Your goal:
Repeat exactly the stretch of lines that starts with the one containing "We travelled to" and ends with the last line of the material. Leave out pictures.

Collected data:
-*-*-
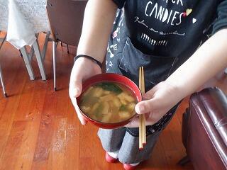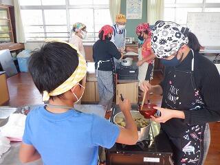 写真は5・6年生の家庭科で味噌汁を作ったとこです。でけたてホヤホヤをいただきました。ヨカーかざがした上に、揚げオカベやらカライモやら、具がどっさい入って、うんめもうんめ かったっです。ざこの出汁も、じっぺ効いちょる ゼータッな味噌んしゅい でした。ごっそー様でした。
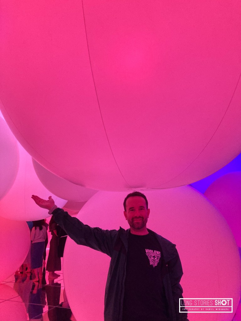 We travelled to the Koto area of Tokyo to visit the very popular ‘Team Labs – Planets’ immersive art installation. Removing shoes and socks and being warned to roll our trousers up beyond our knees before entering a dark room with deep cushioned floors and walls was somewhat unnerving especially as I was suffering with a niggling knee injury, however the whole walk through experience certainly lived up to the hype… LED light rooms, smokey watery projection rooms, vomit inducing projector mirror rooms and finally an immersive ‘garden’ room filled with thousands of living orchids suspended from the ceiling in motorised columns that move downwards to engulf you in the mirrored room.
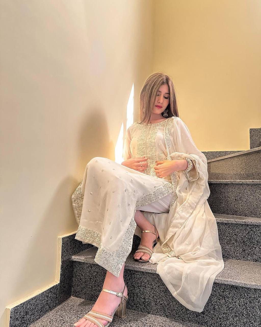 Royal white Premium Collection With Embroidery And Sequence Worked Top-Bottom And Dupatta Set
-*-*-
Result of this exercise:
 We travelled to the Koto area of Tokyo to visit the very popular ‘Team Labs – Planets’ immersive art installation. Removing shoes and socks and being warned to roll our trousers up beyond our knees before entering a dark room with deep cushioned floors and walls was somewhat unnerving especially as I was suffering with a niggling knee injury, however the whole walk through experience certainly lived up to the hype… LED light rooms, smokey watery projection rooms, vomit inducing projector mirror rooms and finally an immersive ‘garden’ room filled with thousands of living orchids suspended from the ceiling in motorised columns that move downwards to engulf you in the mirrored room.
 Royal white Premium Collection With Embroidery And Sequence Worked Top-Bottom And Dupatta Set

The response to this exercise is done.